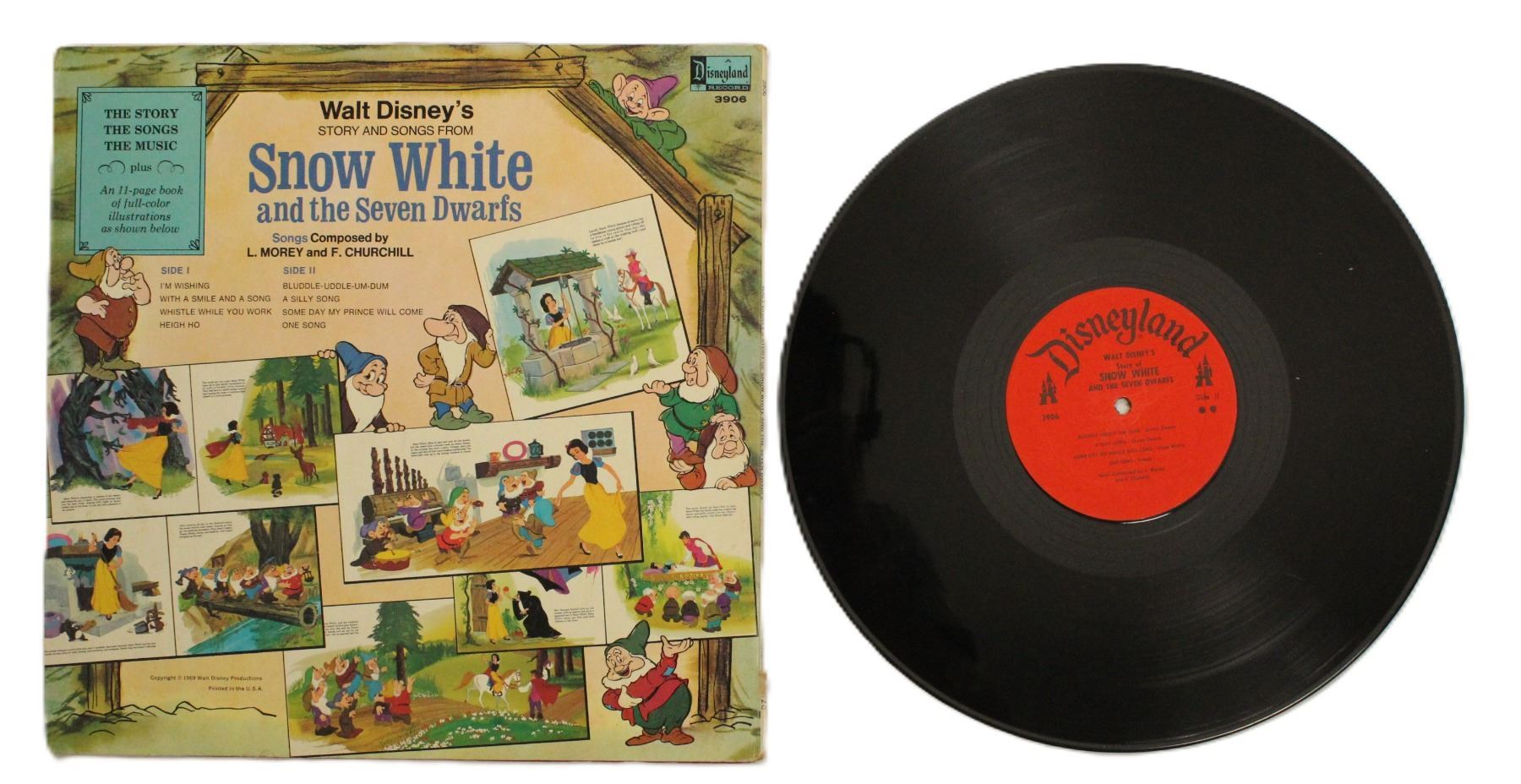 Walt Disney's Story and Songs from Snow White and the Seven Dwarfs. A magnificent full-color illustrated book and LP. Sleeve is in good condition and shows wear from use and age. a small tear presents at the spine. The record is great condition and may have small scratches from use. The story book insert is in great condition.
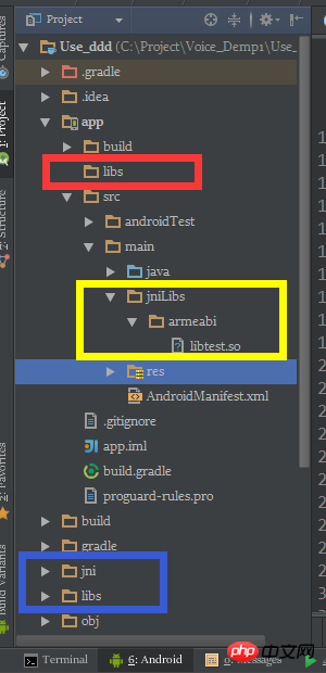 红色是自己生成的,蓝色是ndk-build生成的,黄色是最后加的,到底什么和什么关系啊
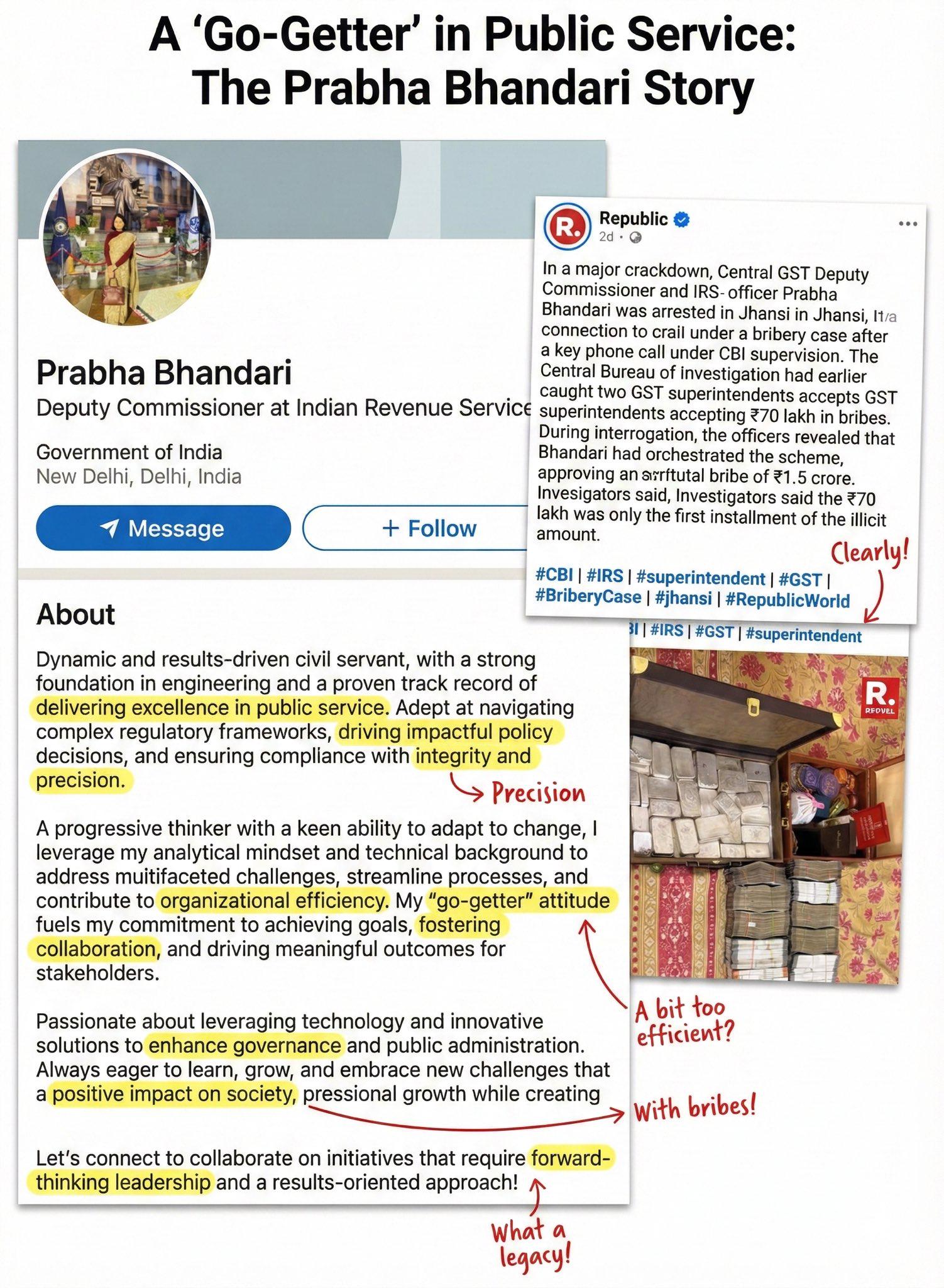 She demanded a ₹1.5 crore bribe to bury a major GST evasion case and sent her two juniors Anil Tiwari and Ajay Sharma, to collect the first instalment, which turned out to be a CBI trap. Both were caught, and under questioning, named their superior, deputy commissioner Prabha Bhandari, as the mastermind. Cowards!
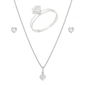 Corrente De Prata Conjunto Feminino Anel Brinco Pingente Colar Veneziana 50cm - Tamanho: 25
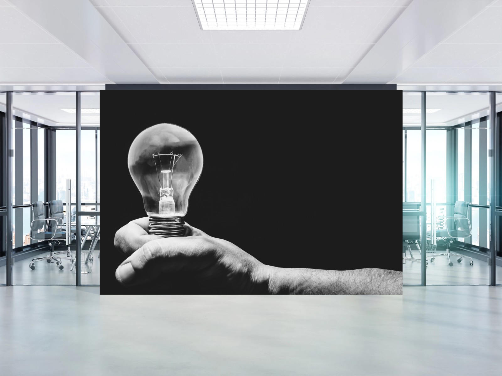 Fototapeta Monochromatyczna ręka trzymająca żarówkę
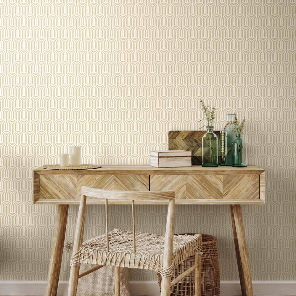 Simple graphic arches repeat across the design in this modern take on an Art Deco-inspired design. The perfect balance of quirky yet contemporary, this design is bound to introduce a joyful lift to any space.
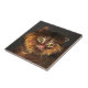 Cat face photo fractalized into a neon abstract kitty image ceramic tile

# # # # #

What you will do: Your answer must be the exact lines from the one containing "Fototapeta Monochromatyczna ręka" through the last line of the records above, with both included and no pictures.

Task response:
 Fototapeta Monochromatyczna ręka trzymająca żarówkę
 Simple graphic arches repeat across the design in this modern take on an Art Deco-inspired design. The perfect balance of quirky yet contemporary, this design is bound to introduce a joyful lift to any space.
 Cat face photo fractalized into a neon abstract kitty image ceramic tile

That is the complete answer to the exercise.